連星カイパーベルト天体形成メカニズムの新仮説発表
タレコミ by yosuke
yosuke 曰く、
海王星軌道以遠には、太陽系形成時に惑星になりそこねた小天体(エッジワース・カイパーベルト天体[EKBO])が多数存在しています。EKBOは太陽系形成時の状態のままである考えられており、これを観測しその成り立ちを解明することは、惑星系形成論にとって重要です。最近の観測で、多くのEKBOは、比較的広くて高い離心率の軌道を持つ、質量の近い連星であることがわかり、その形成過程を解明することが焦点となっています。

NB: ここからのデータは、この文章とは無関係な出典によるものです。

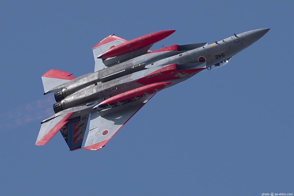 F-15Jは模擬空中給油に続いて機動飛行を実施し、8字旋回などを披露。背中も見せてくれたが、レンズの望遠端が600mm(APS-Cクロップ時)で足りず超々々トリミングが必要な写真ばかりだった。

東京大学の船渡氏をはじめとするグループによる、この連星カイパーベルト天体の形成のメカニズムについての新しい仮説がNature 2/5号に掲載されました。
これまでは、2つの微惑星の衝突が、3つ目の微惑星または多数の小天体の影響下で起こったとする仮説が有力でした。今回の論文では、これらの仮説を否定し、3つの微惑星が衝突することなしに相互作用を行なうことで形成される、としています。
この仮説が正しければ、太陽系形成初期に、外縁部でも多数の微惑星が形成されたことを示せる、とのこと。今後の観測や研究に注目です。